Tuesday, October 09, 2012
30 Days of Nightmares #13: THIRST (2009)
The Story: A dour priest submits his body to an experiment to find the cure for a deadly virus. On his deathbed, he receives a blood transfusion that saves his life... only to learn afterward that he was cured by the blood of a vampire, and now lives with an intense desire for "all things sinful."
Expectations: The film is written and directed by South Korean filmmaker Park Chan-wook, the man behind the wildly popular "Vengeance Trilogy" (SYMPATHY FOR MR. VENGEANCE in 2002, OLDBOY in 2003, and SYMPATHY FOR LADY VENGEANCE in 2005). Like Sam Peckinpah or John Woo, Chan-wook makes violence and brutality seem utterly hypnotic. It seems only natural that he should turn his talent to horror films.
Reaction: Like the Vengeance films, THIRST is not about hyperviolence. It is anchored by a compelling emotional core -- the internal struggle of a priest with a newfound lust for the darker side of life. In a more conventional vampire movie, this character would either be a villain or a whiny, self-loathing hero, but that's not what happens here. Sang-hyun suffers in silence, and that's what makes his story so compelling. We want him to act on his impulses. We want to see what he's capable of.
Eventually Sang-hyun becomes fascinated with the wife of an old friend, a sympathetic young woman who has lived her entire life in humiliating subjugation (not unlike the main character in OLDBOY). Like him she suffers in silence, and their mutual need for human contact becomes overwhelming. As soon as the characters give in to their desires, their illicit affair proves that Park Chan-wook is also not interested in telling a conventional vampire story where bloodsucking serves as a substitute for sex. There is sex aplenty here... not just sex, but a kind of sexual obsession that becomes even more hypnotic and compelling than the violence in the director's earlier films. In fact, I'd say that THIRST is a reminder of just how bland the "sex scenes" in most movies really are -- totally devoid of human intimacy -- and of how casually so many horror movies combine sex and death, without ever recognizing how we sometimes crave one in order to defeat the other.

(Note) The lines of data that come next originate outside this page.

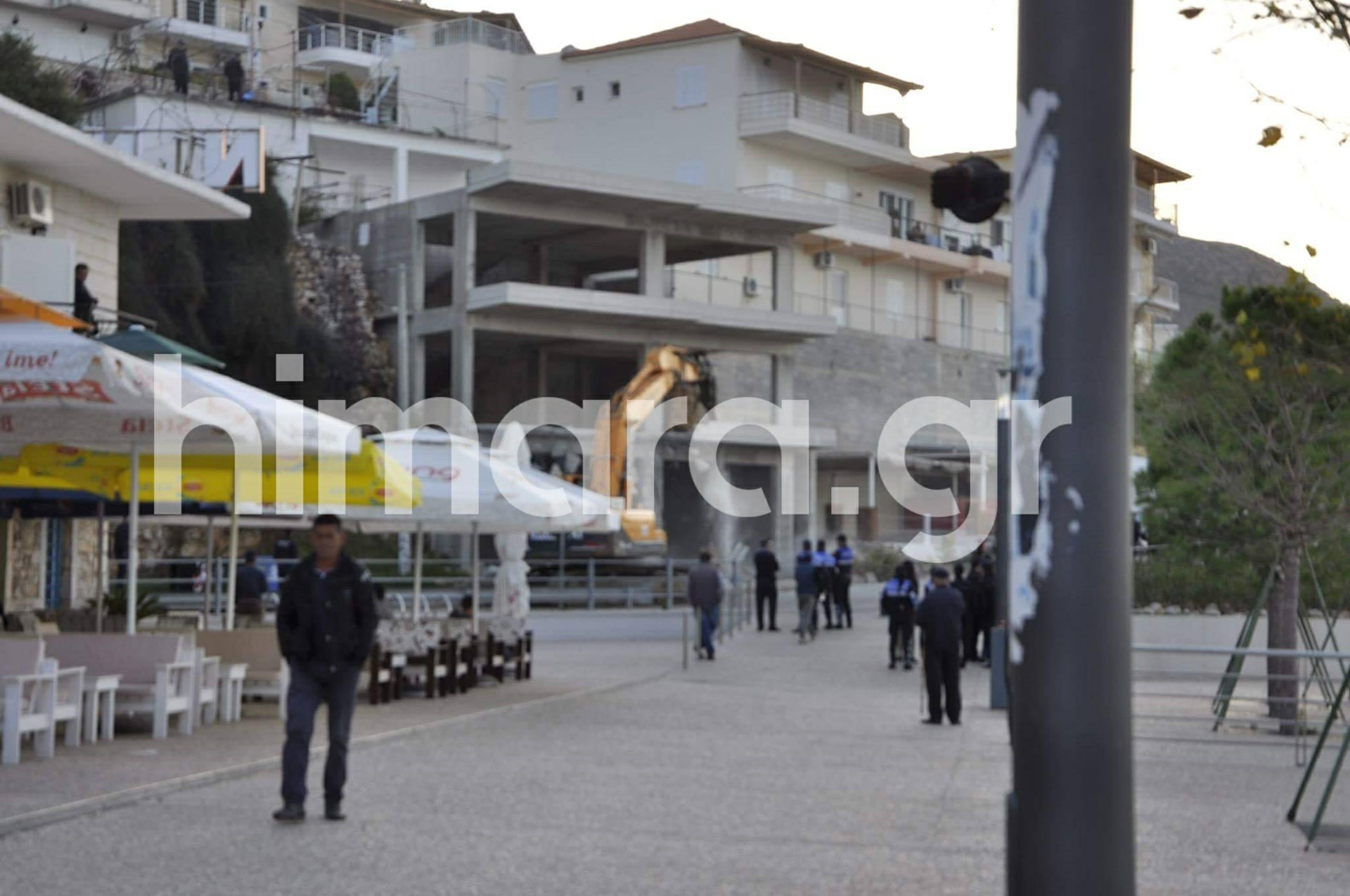 Από τις πρώτες πρωινές ώρες η Χειμάρρα έχει αποκλειστεί από πολυάριθμες αστυνομικές δυνάμεις της αλβανικής αστυνομίας και έχουν απαγορεύσει την κυκλοφορία στα σημεία όπου πραγματοποιούνται οι κατεδαφίσεις.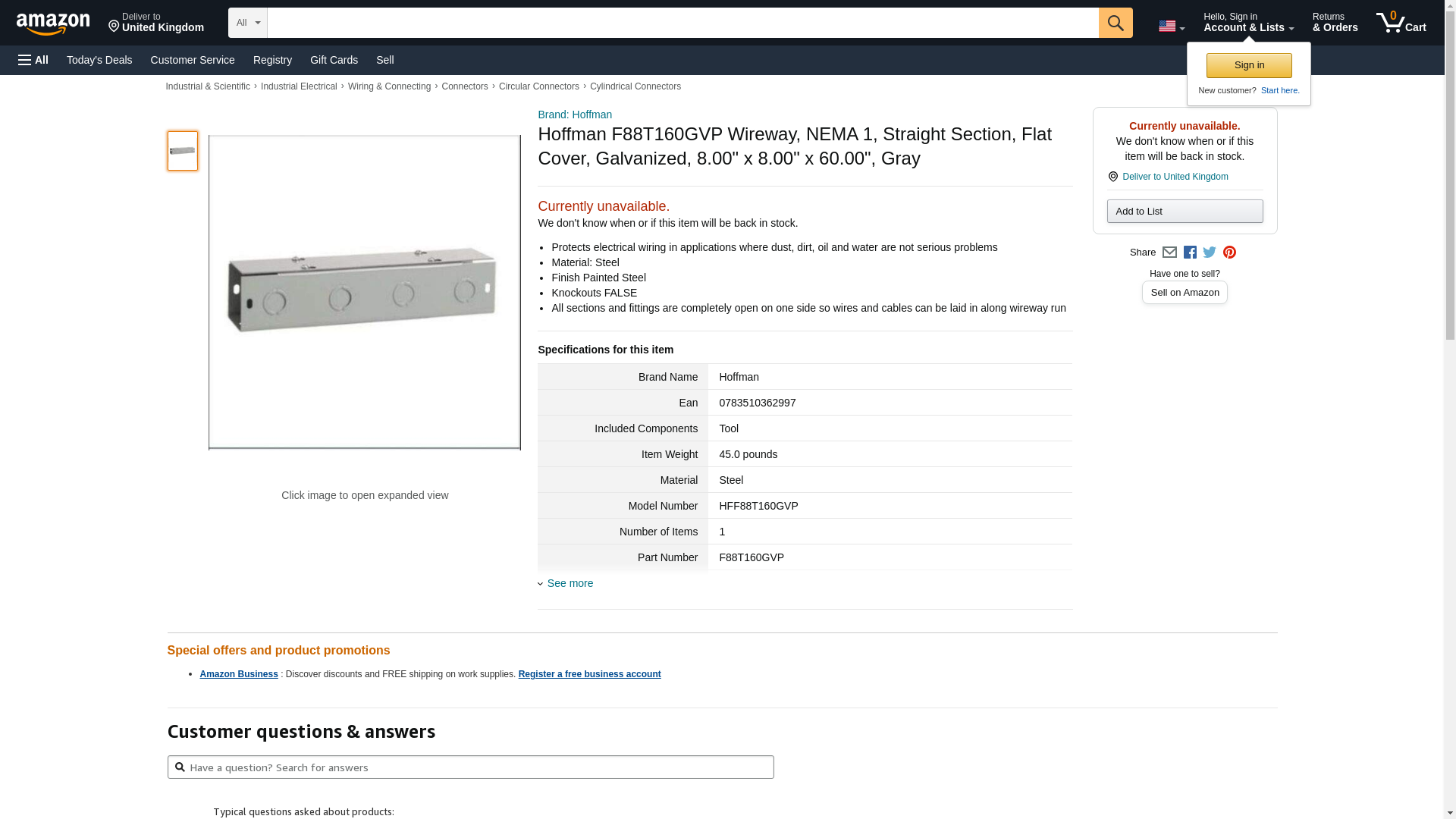 Hoffman F88T160GVP Wireway, NEMA 1, Straight Section, Flat Cover, Galvanized, 8.00" x 8.00" x 60.00", Gray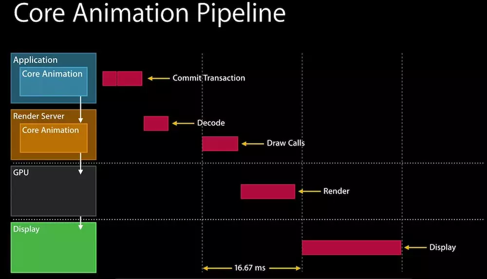前面提到Core Animation Pipeline是以流水线的形式工作的,在理想的状况下我们希望它能够在1/60s内完成图层树的准备工作并提交给渲染进程,而渲染进程在下一次VSync信号到来的时候提交给GPU进行渲染,并在1/60s内完成渲染,这样就不会产生任何的卡顿。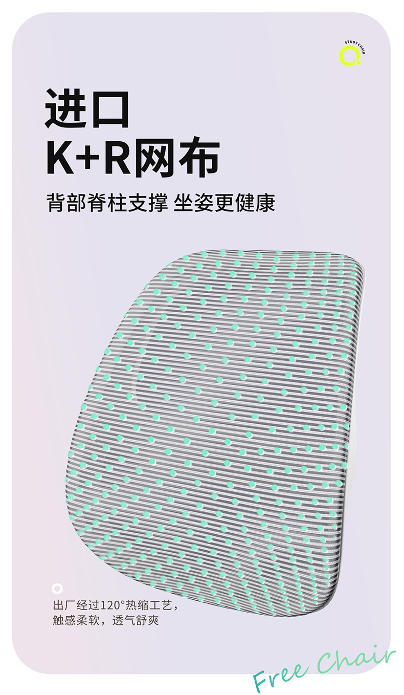 靠背采用进口K+R网布,弹力足,能很好地给背部脊柱支撑,同时触感也很柔软。透气网格给背部及时排汗,保持后背干爽。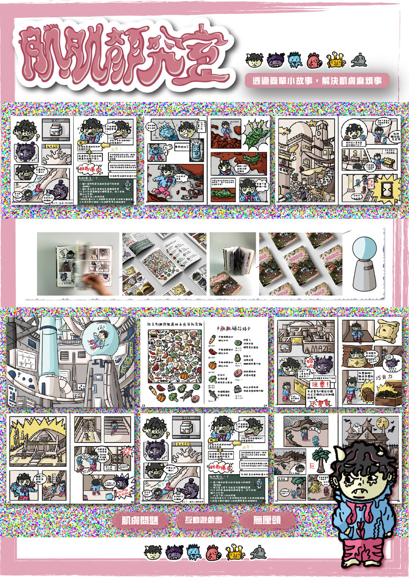青春期因賀爾蒙變化,促使皮脂腺分泌增多、毛孔角質栓塞,演變為粉刺堆積,最後變成痘痘,讓其成為青少年最常見的皮膚問題。部分人因用錯方法或未從日常習慣、飲食及問題根本解決,不但沒有得到改善,反而導致皮膚問題變本加厲,並出現自卑、社交障礙,逃避等問題。 「肌肌顏究室」以青少年常見的臉部肌膚問題為故事主軸,結合又醜又可愛的畫風,搭配無厘頭劇情繪製成趣味互動書,希望透過簡單有趣的小故事讓讀者找到膚事寶藏,在學習之餘,也能和主角一同展開逃脫研究室的冒險。 看見肌膚的改變是最美的冒險,從內而外綻放的自信,翻開書本和肌肌一起走向皮膚的新生吧!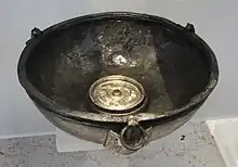 The richly decorated piece is an evolved "C bowl" with a broad circular indentation underneath. Foliate and vine-scroll filigree work decorates the top and bottom surfaces of the flat central indentation. In the middle of the bowl, on the top surface of the indentation, stands a long-necked dog-like animal, with blue glass eyes, tall enough to peer over the rim of the bowl; around it are arranged four small projecting animals heads. Semi-precious stones are also mounted inside the bowl. Equally spaced around the rim are four animal heads as the tops of loop escutcheons that extend down the sides of the bowl, held on with rivets and decorated with millefiori panels, terminating with small projecting human heads below the bowl. The loop escutcheons would allow the bowl to be suspended. There is a deep groove around the outside of the bowl, below the rim. The bowl may have been used to contain water, but, like other hanging bowls, its intended function is not certainly known. It has been compared to the 8th century Ormside bowl.[1] The filigree decoration resembles the Kirkoswald brooch and the blue glass recalls the Ardagh Chalice. The choice of material is unusual: almost all other hanging bowls are bronze.
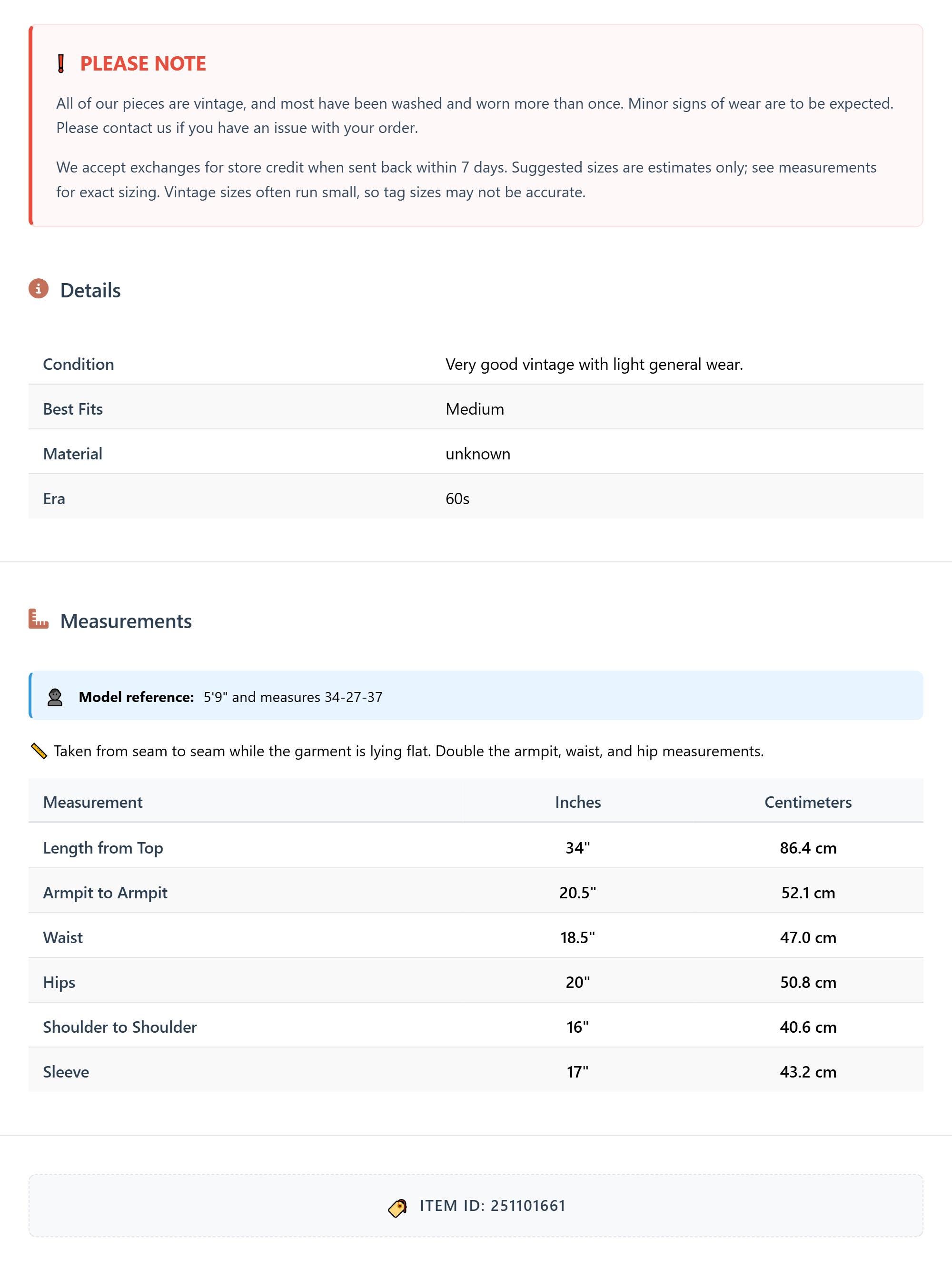 Suggested sizes are estimates only; see measurements for exact sizing. Vintage sizes often run small, so tag sizes may not be accurate.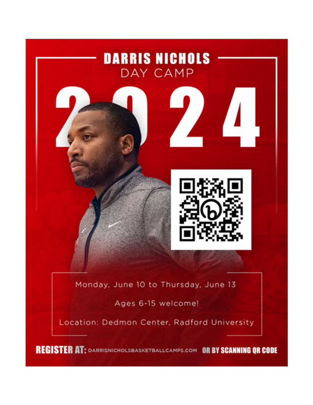 Radford University Head Men's Basketball Coach Darris Nichols hosts a Four Day Basketball Day Camp starting on Monday, June 10, 2024 and continuing through Thursday, June 13, 2024.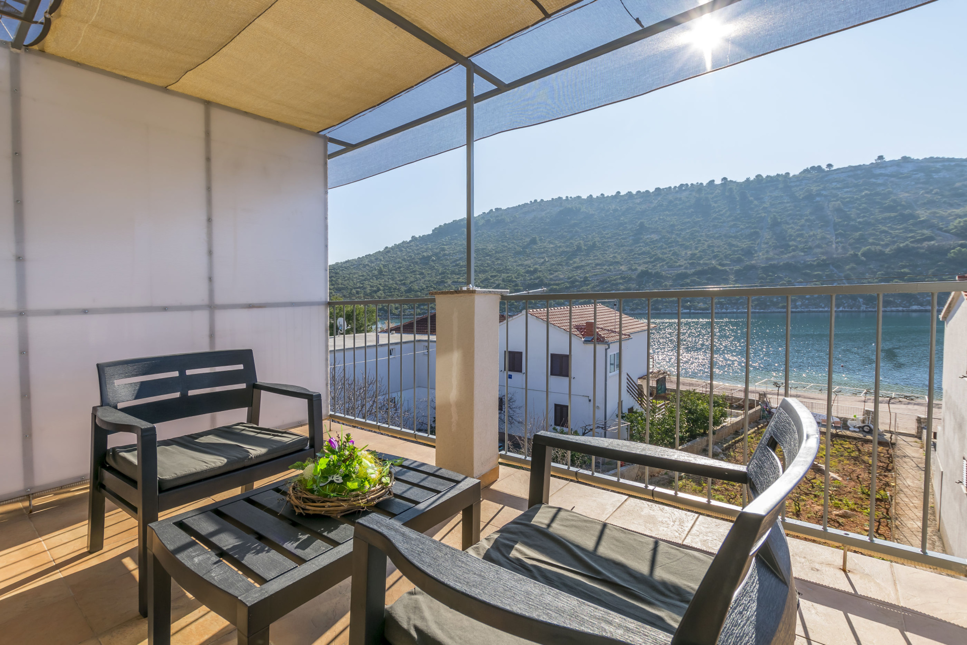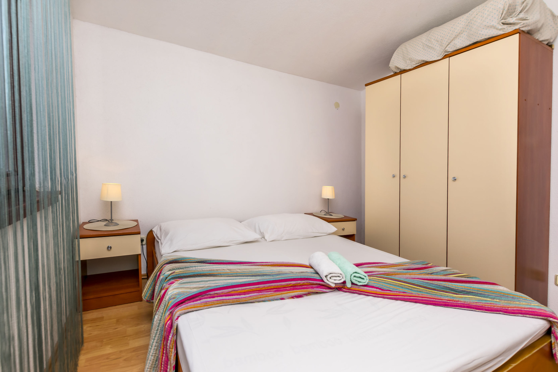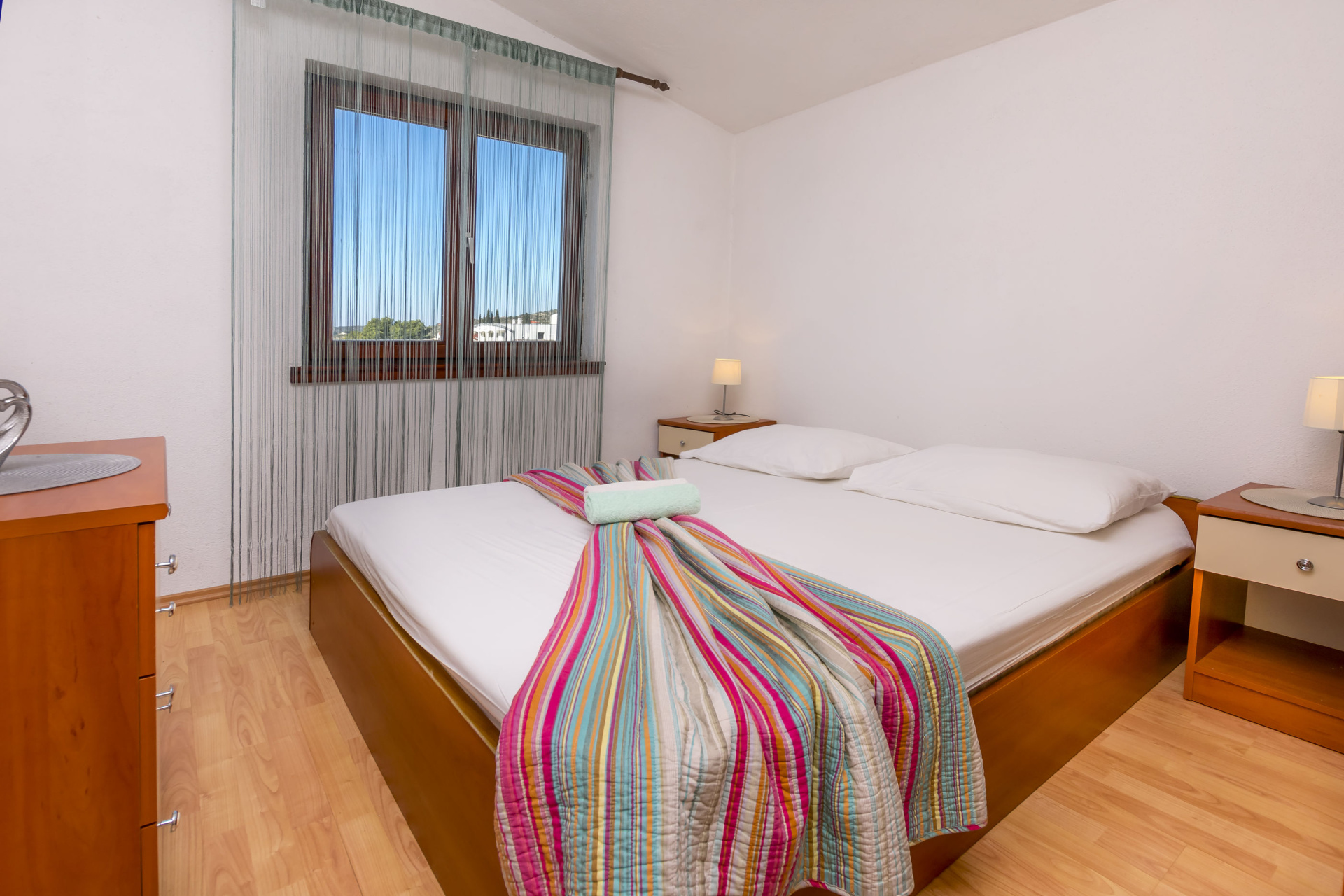 Apartman 2Fő Általános információ Kategória: 3 Emelet: második emelet Típus: A2 Az apartman mérete: 32 m2 Kilátás: tengerre Berendezés és felszereltség Klíma: helyiség része Internet: vezeték nélküli Ágynemű és törölközők: Igen Az adott többletszolgáltatás felára a helyszínen fizetendő Klíma: felár nélkül Internet: felár nélkül További információ és szolgáltatás Takarítás: vendégváltáskor Konyha és nappali Edények és evőeszközök: Igen Sütő: Igen Főzőlap: Igen Hűtőgép: Igen Fagyasztó: Igen Vízforraló: Igen Balkon/terasz/kert Kültéri zuhanyzó: Igen Terasz: 10 m2 Fürdőszoba információ Zuhanyzós fürdőszobák száma: 1 Adatok a szobákról 1 Kétszemélyes ágyak száma: 1,00 Szoba kapacitás: 2,00 A szoba alapterülete: 12,00 m2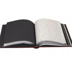 60 kartonowych stron, 30 kart przekładanych pergaminem w kolorze czarnym.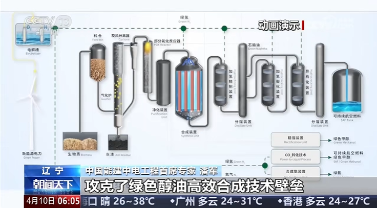 绿色醇油是一种清洁低碳的液体燃料。它的生产过程,简单来说,就是用风能、太阳能等可再生能源发电,再电解水制取氢气,然后将氢气与从农林废弃物(如秸秆、树枝等)中提取的绿色碳源进行反应,最终合成甲醇和航空燃料。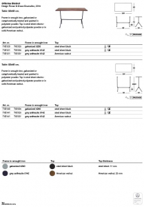 Matériaux: structure en fer forgé galvanisé ou traité en cataphorèse et verni en polyester. Plateaux en tôle d’acier electro-galvanisé et verni en polyester ou en noyer americain massif.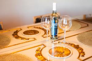 Diese klimatisierte Wohnung verfügt über zwei Schlafzimmer, ein Wohnzimmer mit Sitzbereich und Sofa sowie ein privates Badezimmer mit Badewanne, Bidet, WC und Haartrockner. Der Fußboden besteht aus Parkett, zu den Annehmlichkeiten zählen Handtücher, Bettwäsche, Heizung sowie Bügelmöglichkeiten inklusive Bügeleisen und Bügelbrett.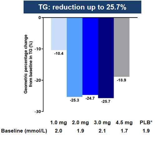 图6. 32周时甘油三酯较基线的变化百分比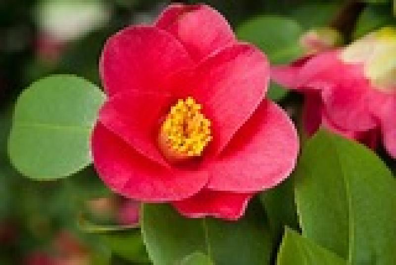 The beautiful rose-red, single flowers can potentially bloom intermittently, during warmer weather, from fall to spring. Upright and compact form. Glossy evergreen foliage. Bred in NC. Prefers morning sun and afternoon shade. Protect from winter winds.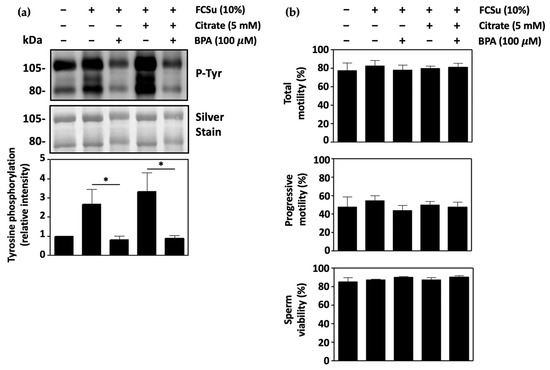 Each prepared human sperm sample was supplemented with electrophoresis sample buffer containing 100 mM dithiothreitol (DTT) and phosphatase inhibitors (0.1 mM sodium vanadate, 20 mM glycerol phosphate, and 5 mM sodium fluoride). Samples were then heated at 97 °C for 5 min and centrifuged at 21,000× g for 5 min at room temperature. The supernatant of each sample was loaded into a 10% polyacrylamide gel, electrophoresed, and electrotransferred onto a nitrocellulose membrane. The membranes were blocked for 1 h with 5% skim milk in Tris-buffered saline with Tween 20 (TTBS 1X), followed by overnight incubation at 4 °C with either anti-phosphotyrosine or anti-phospho-ATP-citrate lyase primary antibodies (1:10,000 and 1:500, respectively) in antibody buffer (TBS 1X, 0.1% Tween 20, 25 mg/mL BSA, and deionized water). Following primary antibody incubation, the membranes were washed 5 times for 10 min in TTBS 1X and incubated for 1 h in either goat anti-mouse or donkey anti-rabbit secondary antibodies (diluted at 1:2500 in TTBS 1X) at room temperature. Once the secondary antibody was removed, the membranes were washed 5 times for 10 min in TTBS 1X and soaked in ECL solution (luminol enhancer and peroxide) for 5 min. Imaging was carried out using the Amersham Imager 600 supplied by GE Healthcare (Montreal, QC, Canada). The relative intensity of each protein band was determined using Image J software version 2.1.0/1.53c (National Institutes of Health, Bethesda, MD, USA), standardized to the corresponding band on the silver-stained membrane, and normalized to the respective control.

In the second half of the film, I found myself so embroiled in the wants and needs of the two main characters that I hated to see them turn against each other... but of course I knew it was inevitable. The writer/director doesn't make the obvious choice here either. Instead of putting the two characters against each other in a moral debate, he pulls them closer and closer together until their intimacy fosters hate just as easily as it fosters love. That's how obsession works, isn't it? We can't get enough until we get too much. And that's what gives the film its raw power. In a way, THIRST is simply a tale of first love -- love so powerful that it can destroy everything around it, even the lovers themselves. The finale suggests that it's as impossible to escape that type of love as it is to stop being a vampire. Obsession gets into our blood and transforms us. But into what? Through it all, this twisted romance remains playfully seductive and genuinely unnerving -- and for that it deserves very high marks.
Most Nightmare-Worthy Moment: One of the most whimsical sequences in the film is also the most unsettling. The writer/director also offers his version of a ghost story by literally placing a dead man between the bodies of the two lovers while they're having sex.